El Cairo in Egypt rehabilitates the ‘el darb el ahmar’ neighbourhood in favour of 285 families

Al-Darb al-Ahmar is an historic district in Cairo, and its 100,000 inhabitants are among the poorest. While featuring rich concentration of Islamic monuments, Al-Darb al-Ahmar suffers from a lack of adequate infrastructure and services, as a baseline survey revealed in 2003 (e.g., lack of private lavatories, water sources, and ventilated rooms in dwelling units). Consequently, an alarming percentage of residents complain of health-related issues. In an effort to consolidate the existing urban fabric, the HRP was established to improve the quality and quantity of housing and to meet health standards, while maintaining original architectural features and fairly providing secured tenure.

The Al-Darb al-Ahmar Housing Rehabilitation Programme (ADAA HRP) was started in 2004 with a target of 200 houses by the deadline of end of 2009. After the launch phase, it is an ongoing programme but dependent on the action of local communities and new contributions from several donors. The HRP aims to improve the quality and quantity of responsive housing through rehabilitation, achieving long-term sustainability. HRP formulated a multidisciplinary strategy to tackle the principal causes underlying housing decay, in cooperation with all stakeholders:

  • Revise the institutional mechanisms to bridge the gap between legislative policies and residents’ needs;
  • Facilitate the residents with access to housing grants and affordable loans;
  • Improve security of tenure through resolution of legal conflicts between owners, tenants, and institutional organizations; and
  • Promote higher conservation standards through advice, training, and monitoring of construction activities.
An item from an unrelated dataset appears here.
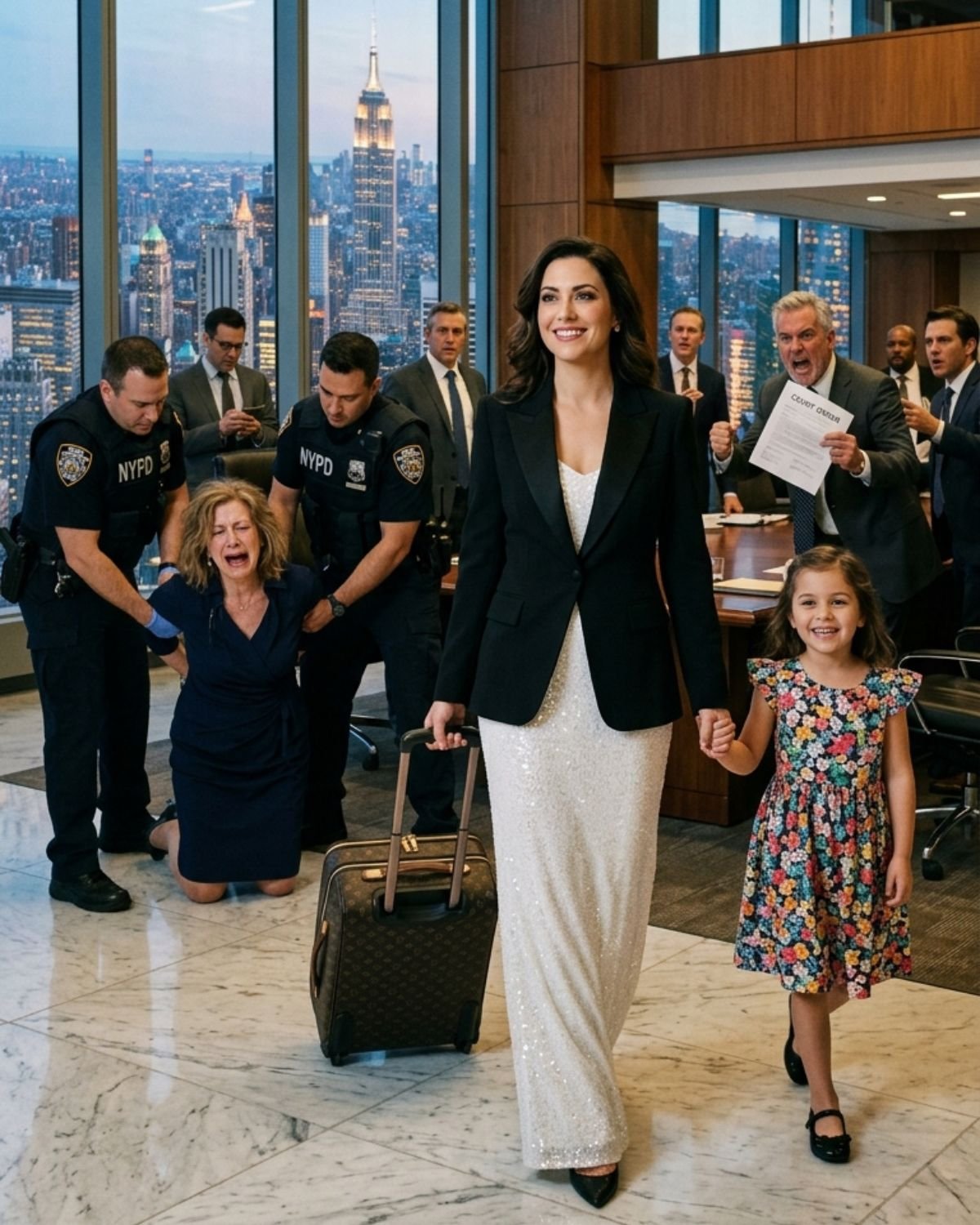 Yo estaba sentada a un lado de la enorme y reluciente mesa. Me había vestido intencionalmente para el papel que esperaban que interpretara. Llevaba un cárdigan negro sencillo y ligeramente arrugado, maquillaje mínimo y mantenía la mirada baja, proyectando la imagen de una viuda rota, agotada y completamente derrotada que solo quería escapar del trauma.
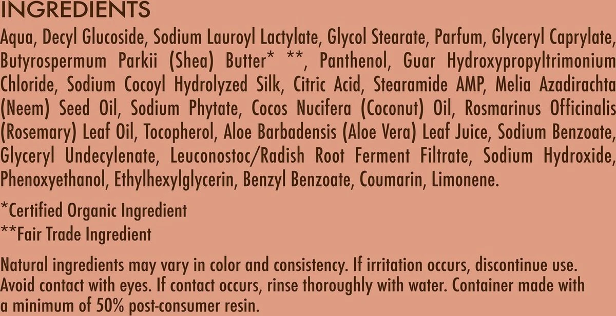 Breng de shampoo aan op nat haar, masseer het zachtjes in, zodat het rijkelijk schuimt. Spoel het vervolgens grondig uit met water; herhaal indien nodig. Voor het beste resultaat gebruik na het wassen de Coconut & Hibiscus Conditioner; na de wasbeurt breng je je krullen in model met de hair smoothie en gel soufflé.

The project specificities :

The beneficiaries of the programme are the inhabitants of the al-Darb al-Ahmar district, and several local community groups and enterprises.

The participation processes implemented included vast surveys of the urban, social, and economic needs of the local residents. Numerous meetings were held to identify the priorities of conservation and development as perceived by the local community. Through negotiations with the residents, priorities were set, including the refurbishing of historical houses and buildings, spaces, and public areas, and the funding needs for small projects, health services, and centres for local community development were determined. A pre and post satisfaction survey covering all beneficiaries is the main measuring tool. Direct observation and community group interview techniques are also used to measure changes in value, rent, and number of new home assets.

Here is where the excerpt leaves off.